On Friday morning, Donald Trump walked into the Rose Garden to declare that, while he'd done a better job of border security than anyone ever had, there was now an unprecedented emergency that required diverting funds from actual military projects to build a southern border wall that Congress had explicitly refused to pay for.
Here, verbatim, is how he explained his decision: "I could do the wall over a longer period of time. I didn't need to do this. But I'd rather do it much faster. I don't have to do it for the election. I've already done a lot of wall for the election, 2020. And the only reason we're up here talking about this is because of the election, which it looks like they're not going to be able to do. And this is one of the ways they think they can possibly win is by obstruction and a lot of other nonsense. I think that — I just want to get it done faster, that's all."
About six hours later, emergency in effect, he flew to Mar-a-Lago to play golf.
At this point, there's barely any use in debunking Trump's lies. The reality is what it is: Border apprehensions have been declining for nearly two decades, according to Trump's own Department of Homeland Security. But Trump — probably to appease his MAGA rubes, possibly because his head is made of straw, maybe both — has rejected that reality and substituted his own, a hellscape dystopia of brown invaders coming to kill your wives and rape your daughters.
Still, the absurdity of the president inventing a national emergency out of whole cloth shouldn't obscure the holy-shit-seriousness of the president inventing a national emergency of whole cloth.
Since the National Emergencies Act was passed in 1976, it's been invoked 59 times. Thirty-two of those emergencies are still in effect: Most sanction people involved in human-rights abuses or narcotics trafficking. None, before now, was a transparent usurpation of congressional spending authority.
Trump is relying on two powers the law grants him: One lets him redirect Army civil works projects toward "authorized civil works, military construction and civil defense projects that are essential to the national defense." The other permits the secretary of defense to begin military construction projects "necessary to support such use of the armed forces." (Obvious, but worth reiterating: This all presupposes an actual emergency.)
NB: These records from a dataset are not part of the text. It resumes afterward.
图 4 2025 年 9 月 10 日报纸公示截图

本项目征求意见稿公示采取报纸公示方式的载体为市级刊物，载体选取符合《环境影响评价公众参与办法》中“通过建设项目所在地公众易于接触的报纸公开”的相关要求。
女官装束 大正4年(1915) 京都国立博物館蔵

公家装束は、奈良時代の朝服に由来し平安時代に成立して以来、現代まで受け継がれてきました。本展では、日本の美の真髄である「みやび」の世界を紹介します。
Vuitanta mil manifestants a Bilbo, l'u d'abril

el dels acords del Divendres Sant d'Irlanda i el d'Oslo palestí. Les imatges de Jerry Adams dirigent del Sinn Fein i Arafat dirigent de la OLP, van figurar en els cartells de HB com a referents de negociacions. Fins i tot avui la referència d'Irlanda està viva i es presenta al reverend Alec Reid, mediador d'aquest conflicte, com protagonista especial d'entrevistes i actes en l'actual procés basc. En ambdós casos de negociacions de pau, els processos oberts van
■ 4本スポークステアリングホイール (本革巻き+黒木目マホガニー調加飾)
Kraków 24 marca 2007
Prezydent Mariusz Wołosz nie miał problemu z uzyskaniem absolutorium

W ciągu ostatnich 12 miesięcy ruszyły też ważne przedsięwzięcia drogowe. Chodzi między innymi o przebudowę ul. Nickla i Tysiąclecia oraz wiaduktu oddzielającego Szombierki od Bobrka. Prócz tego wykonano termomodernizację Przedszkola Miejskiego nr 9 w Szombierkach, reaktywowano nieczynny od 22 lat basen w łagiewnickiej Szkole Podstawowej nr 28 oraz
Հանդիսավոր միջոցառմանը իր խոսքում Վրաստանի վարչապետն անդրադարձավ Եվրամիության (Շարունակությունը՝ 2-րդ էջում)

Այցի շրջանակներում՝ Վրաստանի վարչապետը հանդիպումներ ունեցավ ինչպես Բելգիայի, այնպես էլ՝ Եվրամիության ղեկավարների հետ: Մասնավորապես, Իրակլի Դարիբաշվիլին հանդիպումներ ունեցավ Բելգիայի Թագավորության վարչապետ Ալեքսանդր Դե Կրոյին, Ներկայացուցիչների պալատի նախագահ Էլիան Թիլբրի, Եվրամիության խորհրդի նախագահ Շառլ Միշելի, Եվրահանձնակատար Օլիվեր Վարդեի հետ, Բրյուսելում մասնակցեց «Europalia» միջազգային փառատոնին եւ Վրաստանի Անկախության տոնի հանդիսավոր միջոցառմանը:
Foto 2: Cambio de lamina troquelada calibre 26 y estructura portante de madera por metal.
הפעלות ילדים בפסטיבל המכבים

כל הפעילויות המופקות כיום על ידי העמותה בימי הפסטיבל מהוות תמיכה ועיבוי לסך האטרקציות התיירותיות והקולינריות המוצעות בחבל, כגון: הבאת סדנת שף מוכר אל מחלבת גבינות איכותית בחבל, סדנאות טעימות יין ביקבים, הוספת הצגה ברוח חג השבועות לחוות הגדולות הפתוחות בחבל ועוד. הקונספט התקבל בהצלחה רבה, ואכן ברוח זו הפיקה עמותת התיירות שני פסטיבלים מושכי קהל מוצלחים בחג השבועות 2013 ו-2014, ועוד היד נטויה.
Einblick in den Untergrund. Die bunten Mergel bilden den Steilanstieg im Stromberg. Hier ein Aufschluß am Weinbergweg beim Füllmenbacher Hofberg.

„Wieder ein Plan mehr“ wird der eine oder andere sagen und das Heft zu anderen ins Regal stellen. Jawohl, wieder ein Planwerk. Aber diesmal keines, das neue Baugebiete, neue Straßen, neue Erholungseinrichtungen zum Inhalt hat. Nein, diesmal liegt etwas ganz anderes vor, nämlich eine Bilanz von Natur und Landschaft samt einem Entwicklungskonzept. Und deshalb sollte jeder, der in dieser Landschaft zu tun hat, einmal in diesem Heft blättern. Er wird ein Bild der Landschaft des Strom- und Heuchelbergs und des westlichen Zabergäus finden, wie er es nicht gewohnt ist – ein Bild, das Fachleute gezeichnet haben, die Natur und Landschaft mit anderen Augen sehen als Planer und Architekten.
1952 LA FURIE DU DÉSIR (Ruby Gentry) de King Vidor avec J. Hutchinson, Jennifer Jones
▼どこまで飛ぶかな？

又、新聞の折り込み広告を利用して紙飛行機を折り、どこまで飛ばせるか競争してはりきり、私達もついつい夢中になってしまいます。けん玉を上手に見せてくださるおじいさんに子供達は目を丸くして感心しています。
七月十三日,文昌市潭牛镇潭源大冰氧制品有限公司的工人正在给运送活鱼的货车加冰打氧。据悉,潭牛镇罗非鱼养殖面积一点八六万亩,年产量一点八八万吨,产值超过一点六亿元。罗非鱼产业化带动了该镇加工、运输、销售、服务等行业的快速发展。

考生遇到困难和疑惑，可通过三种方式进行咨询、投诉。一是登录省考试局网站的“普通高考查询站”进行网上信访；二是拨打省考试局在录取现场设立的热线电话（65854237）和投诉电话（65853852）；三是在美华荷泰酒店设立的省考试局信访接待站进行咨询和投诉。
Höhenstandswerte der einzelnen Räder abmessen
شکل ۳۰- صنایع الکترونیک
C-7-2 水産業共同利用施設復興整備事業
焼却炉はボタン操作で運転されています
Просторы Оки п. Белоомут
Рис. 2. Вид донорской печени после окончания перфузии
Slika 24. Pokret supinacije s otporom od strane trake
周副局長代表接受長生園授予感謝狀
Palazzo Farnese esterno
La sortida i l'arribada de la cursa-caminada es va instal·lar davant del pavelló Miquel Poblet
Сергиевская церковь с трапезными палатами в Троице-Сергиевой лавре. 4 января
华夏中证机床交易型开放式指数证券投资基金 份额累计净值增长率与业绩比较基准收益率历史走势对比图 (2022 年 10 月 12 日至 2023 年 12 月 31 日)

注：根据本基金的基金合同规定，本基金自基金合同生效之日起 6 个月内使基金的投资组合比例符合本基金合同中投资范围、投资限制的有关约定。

In Washington, the few Republicans who still bother pretending at intellectual honesty are furiously stroking their chins, fretting about what a Democrat could do with such powers. (Address climate change? The horror!) Maybe they'll vote with Democrats to condemn Trump's declaration — or not, as most have the backbone of a squid — but it's unlikely there'll be enough votes to override a veto.
The wall will almost certainly get gummed up in the courts, however, where Trump's elocution Friday — "I didn't need to do this" — won't do him any favors. Still, courts have given presidents wide latitude on what constitutes an emergency, so who knows. (Like so much of the Trump presidency, we're in uncharted waters.) More problematic, Trump wants to reroute military resources to border security, a civilian operation, which courts tend to frown upon. And it'll be difficult to argue that the wall is "essential to the national defense" because, well, judges have eyes.
Even if Trump prevails, nothing is likely to happen before the next election, which, for the president, is just as well. To Trump, building a wall is secondary to looking like he's building a wall. In his mind, declaring an emergency makes him look strong, and having the wall as an election issue gives him license to rage about scary brown invaders, which riles up his base. Sure, Trump probably wants the thing, but for his vanity — because he doesn't want his supporters to think him weak, because he can only envision a legacy through edifices.
At its core, though, this is all farce, a con for the president's simple-minded marks. (If you don't see that, sorry, you're a mark.) But that doesn't mean we should roll our eyes at it. The National Emergencies Act perhaps naively presumed that presidents would use it in good faith, not to subvert the gravity of their office to the pettiness of their ego. Perhaps Donald Trump is too incompetent to be dangerous, but when he's gone, this genie won't want to go back into the bottle.
And the next guy or gal who wants to use a make-believe crisis to circumvent an inconvenient Congress might be able to string a coherent sentence together.